The water's at its best for photographing when there's lots of it. This time of year is better for rebuilding the dams. That doesn't mean snapping stops.
No. 2 dam had to be moved - it was undermining the tree roots to too great a degree. I wanted to try something which would give more horizontal momentum to the water, building a narrow, but relatively deep, channel in before the fall. That way, it might be possible to push the water over several edges, moving forward. I didn't think I'd be able to see if it worked properly until we got good rain (which still hasn't happened.) Conveniently, the water company chose that afternoon to let some water out of the reservoir at the head of the valley. The horizontal momentum thing seems to work.
Elsewhere, I've been filming clouds on a Flip HD and speeding the videos up, to try and show the dimensionality of clouds. Here, the time-lapse is going in the other direction, taking a frame from a Nikon D3 every 30 seconds.
The look of the water, once it starts moving, is achieved by using my favoured shutter speed for this kind of water. Even though the exposures are 30 seconds apart, the flow still shows. I'm not keen on that milky look, favoured by camera clubs the world over. It's quite pretty, but it doesn't look like water.

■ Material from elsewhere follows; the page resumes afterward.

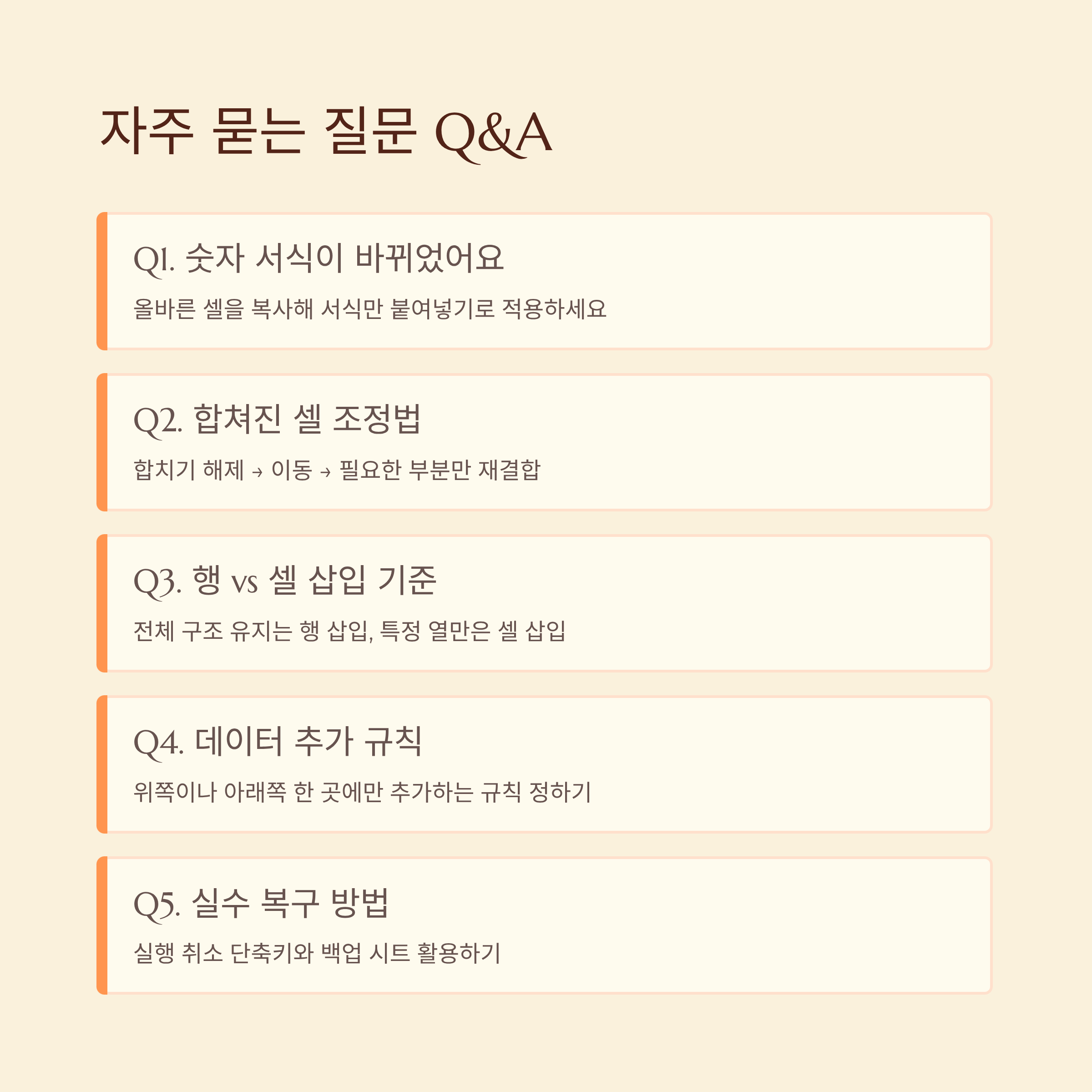A5. 실행 취소 단축키와 함께, 편집 전 원본 시트를 하나 복사해 두는 습관을 들이면 마음 편하게 수정하실 수 있어요.
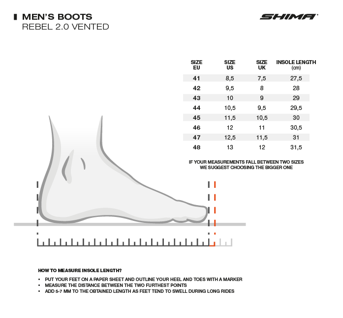 The SHIMA REBEL 2.0 VENTED sneakers offer you not only a stylish look, but above all the safety you need for everyday riding. The use of impact absorbers at the ankle and robust reinforcements at the heel, ankle and toe ensure stability and protection on the road. The transversely reinforced rubber sole and the polypropylene reinforcement insole inside the shoe guarantee confident and precise movement in any situation.

The changing direction and quality of the light gives away the fact that the video spans two sessions, before and after the England-Germany World Cup game (remember? 1 - 4). It was a comforting place to be in after that uncomfortable encounter. I've left all the frames in, something I want to look at further, using time-lapse. I suspect that there's another form of verity video in there somewhere. I've left the white balance and aperture on auto, but, again, I'm going to play with that a little more.